* **DATA EXTRACT**

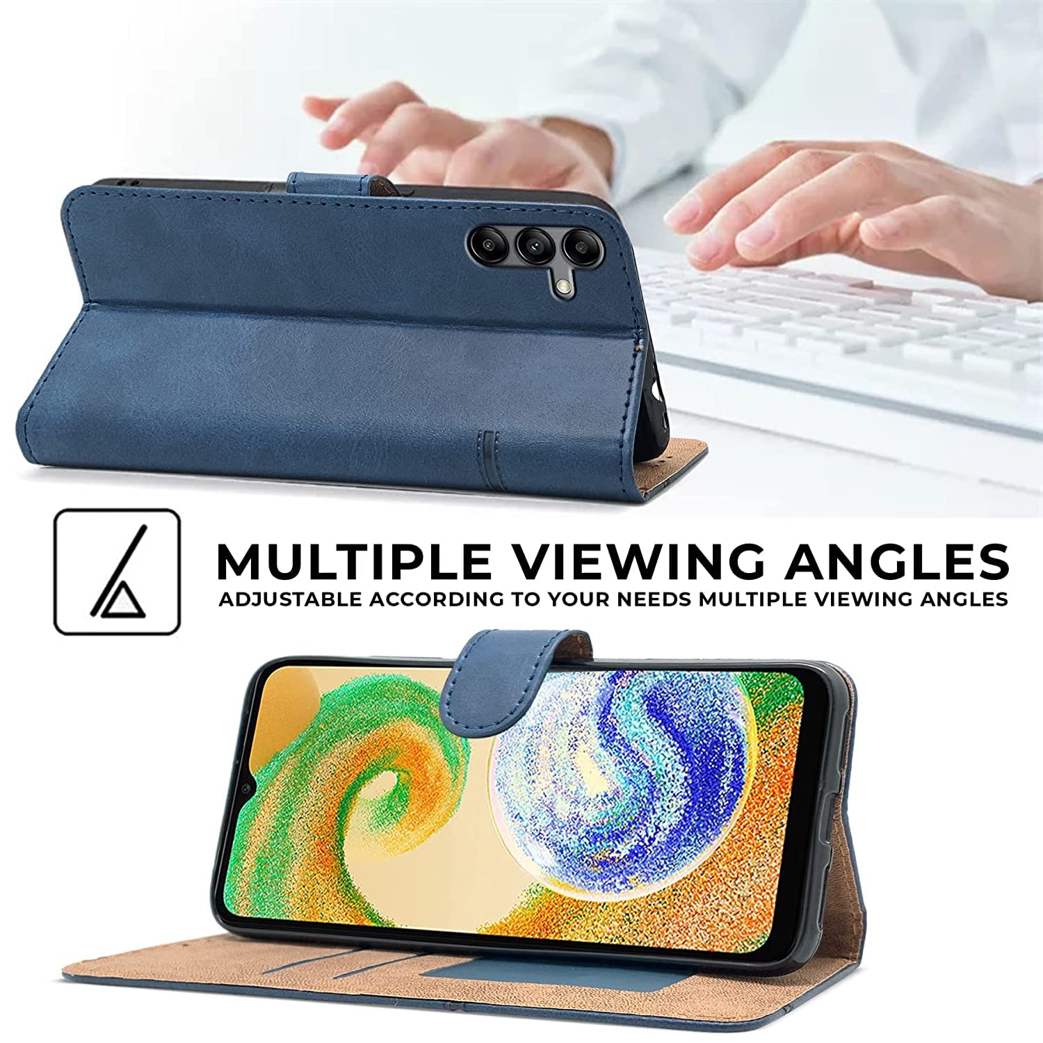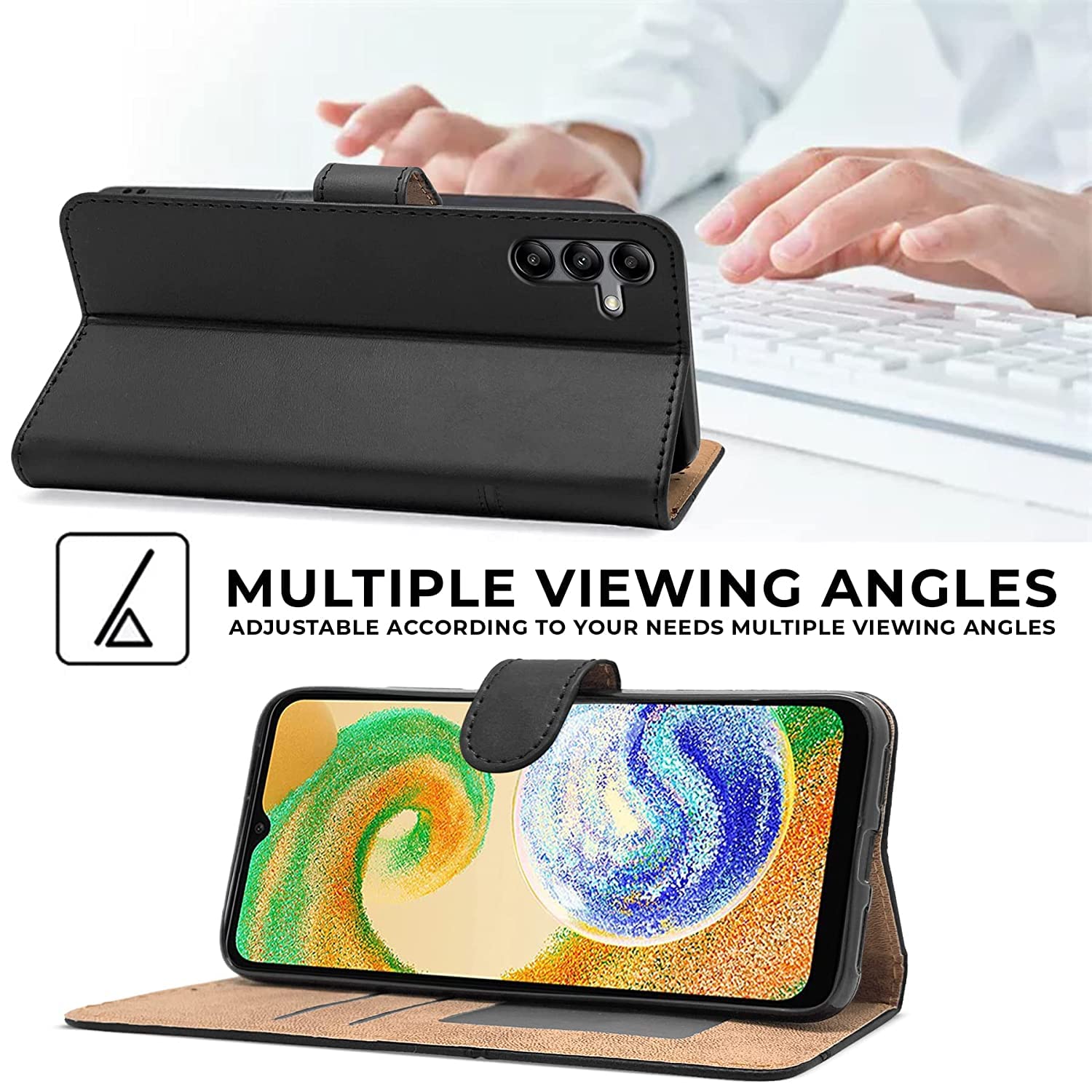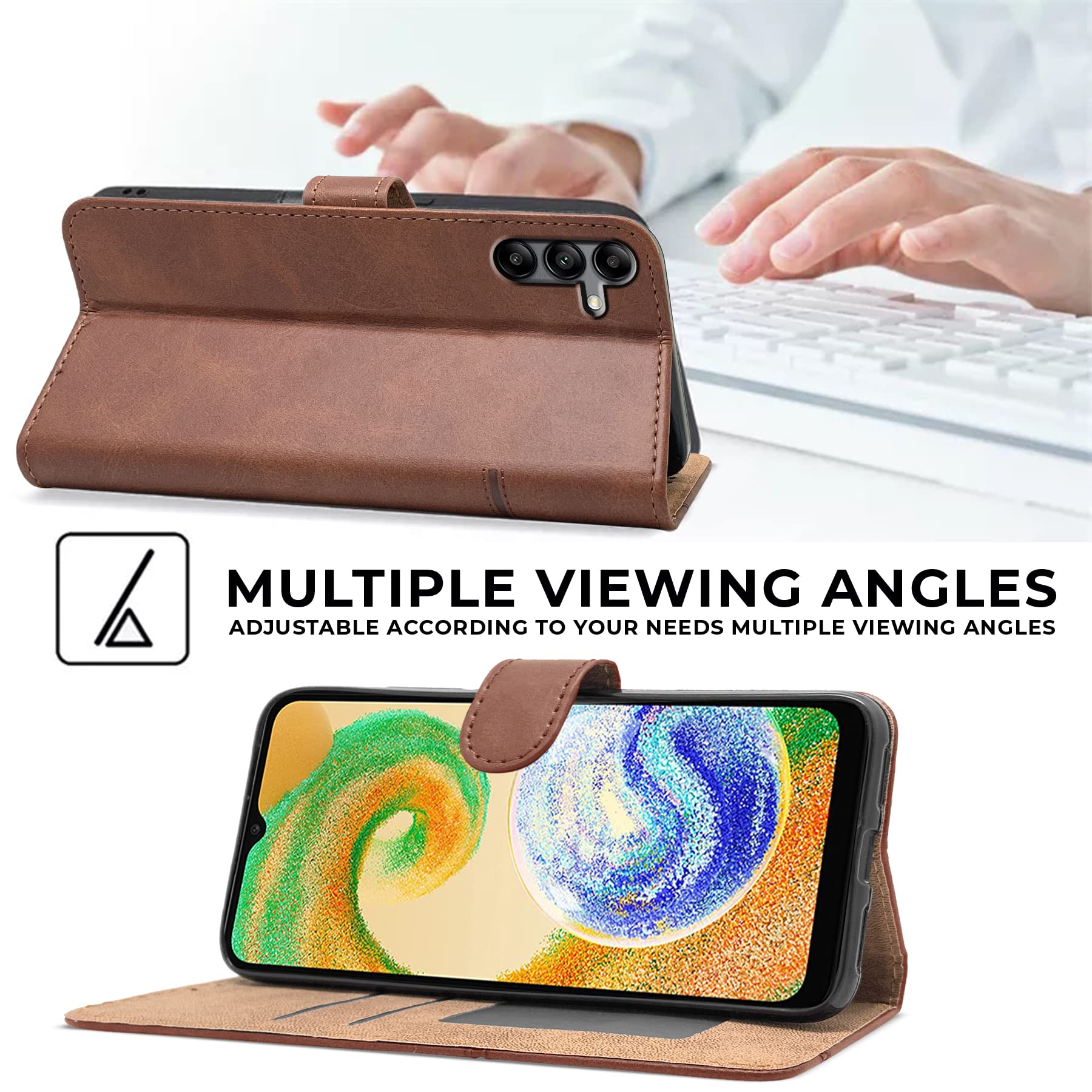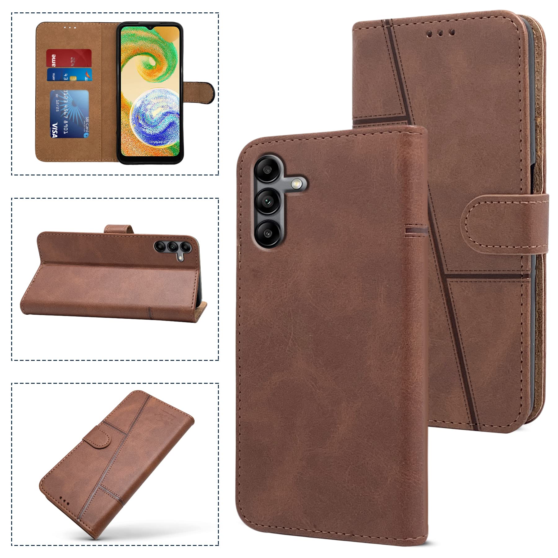 For Samsung Galaxy A04s Flip Cover Case (Stitched Leather Finish | Inner TPU | Foldable Stand | Wallet Card Slots)
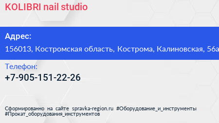 KOLIBRI nail studio по адресу 156013, Костромская область, Кострома, Калиновская, 56а в дальнейшем Организация, размещена в следующих категориях:
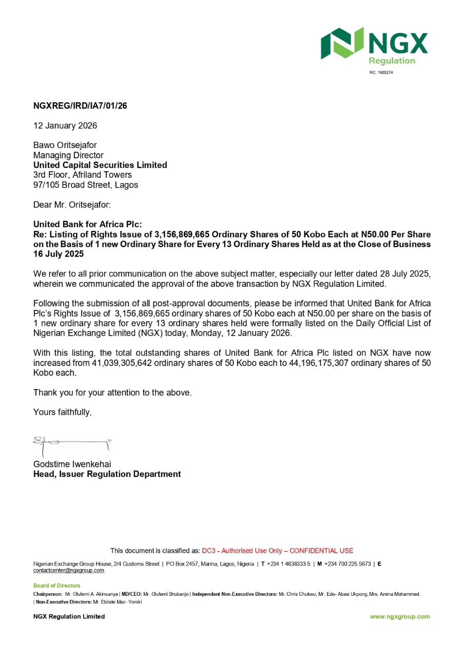 “Following the submission of all post-approval documents, please be informed that United Bank for Africa Plc’s Rights Issue of 3,156,869,665 ordinary shares of 50 Kobo each at N50.00 per share on the basis of one new ordinary share for every 13 ordinary shares held were formally listed on the Daily Official List of Nigerian Exchange Limited (NGX) on , Monday, 12 January 2026”, Iwenkehai stated in the letter.

* **TASK**
Keep every word of the lines above unchanged in the copy, and omit the pictures.

* **EXPECTED OUTPUT**
 For Samsung Galaxy A04s Flip Cover Case (Stitched Leather Finish | Inner TPU | Foldable Stand | Wallet Card Slots)
 KOLIBRI nail studio по адресу 156013, Костромская область, Кострома, Калиновская, 56а в дальнейшем Организация, размещена в следующих категориях:
 “Following the submission of all post-approval documents, please be informed that United Bank for Africa Plc’s Rights Issue of 3,156,869,665 ordinary shares of 50 Kobo each at N50.00 per share on the basis of one new ordinary share for every 13 ordinary shares held were formally listed on the Daily Official List of Nigerian Exchange Limited (NGX) on , Monday, 12 January 2026”, Iwenkehai stated in the letter.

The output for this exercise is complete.